The collective body of evidence indicates that total daily protein intake for the goal of maximizing resistance training-induced gains in muscle mass and strength is approximately 1.6 g/kg, at least in non-dieting (eucaloric or hypercaloric) conditions [6]. However, 1.6 g/kg/day should not be viewed as an ironclad or universal limit beyond which protein intake will be either wasted or used for physiological demands aside from muscle growth. A recent meta-analysis on protein supplementation involving resistance trainees reported an upper 95% confidence interval (CI) of 2.2 g/kg/day [6]. Bandegan et al. [7] also showed an upper CI of 2.2 g/kg/day in a cohort of young male bodybuilders, although the method of assessment (indicator amino acid oxidation technique) used in this study has not received universal acceptance for determining optimal protein requirements.
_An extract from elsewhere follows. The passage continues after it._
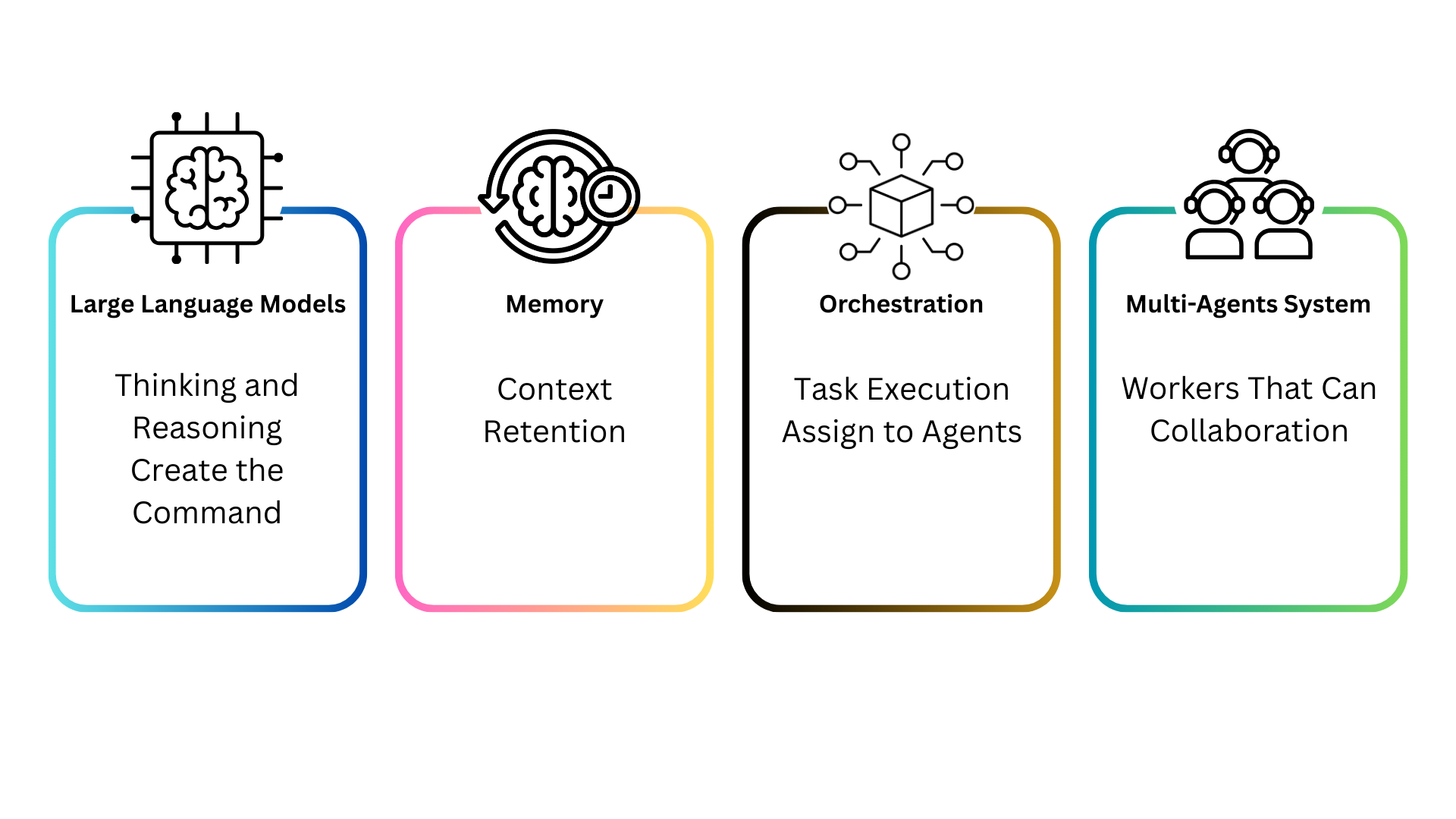 3. Orchestration คือตัวกลางที่จะควบคุมและสั่งการ Agent ต่าง ๆ ว่าแต่ละตัวต้องทำงานอะไร ใครทำก่อนหลัง ขั้นตอนในการทำงานให้ได้มาซึ่งผลลัพธ์ควรเป็นยังไง ภายใต้คำสั่งที่ได้รับมาจาก LLM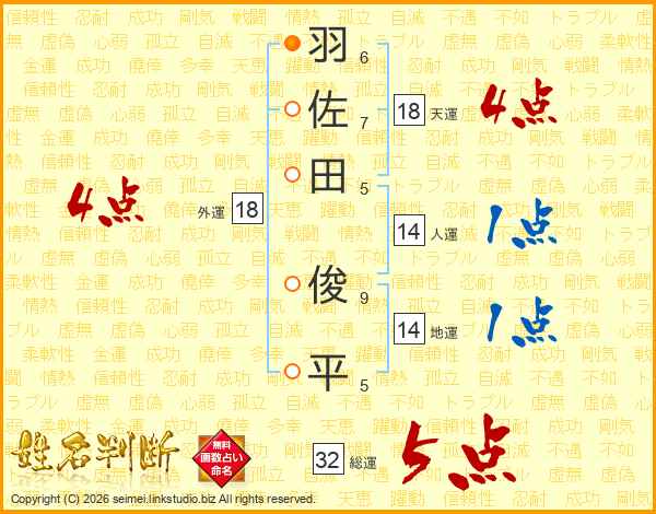 羽(6画)佐(7画)田(5画) 俊(9画)平(5画)

This reinforces the practical need to individualize dietary programming, and remain open to exceeding estimated averages. It is therefore a relatively simple and elegant solution to consume protein at a target intake of 0.4 g/kg/meal across a minimum of four meals in order to reach a minimum of 1.6 g/kg/day – if indeed the primary goal is to build muscle. Using the upper CI daily intake of 2.2 g/kg/day over the same four meals would necessitate a maximum of 0.55 g/kg/meal. This tactic would apply what is currently known to maximize acute anabolic responses as well as chronic anabolic adaptations. While research shows that consumption of higher protein doses (> 20 g) results in greater AA oxidation [40], evidence indicates that this is not the fate for all the additional ingested AAs as some are utilized for tissue-building purposes. Further research is nevertheless needed to quantify a specific upper threshold for per-meal protein intake.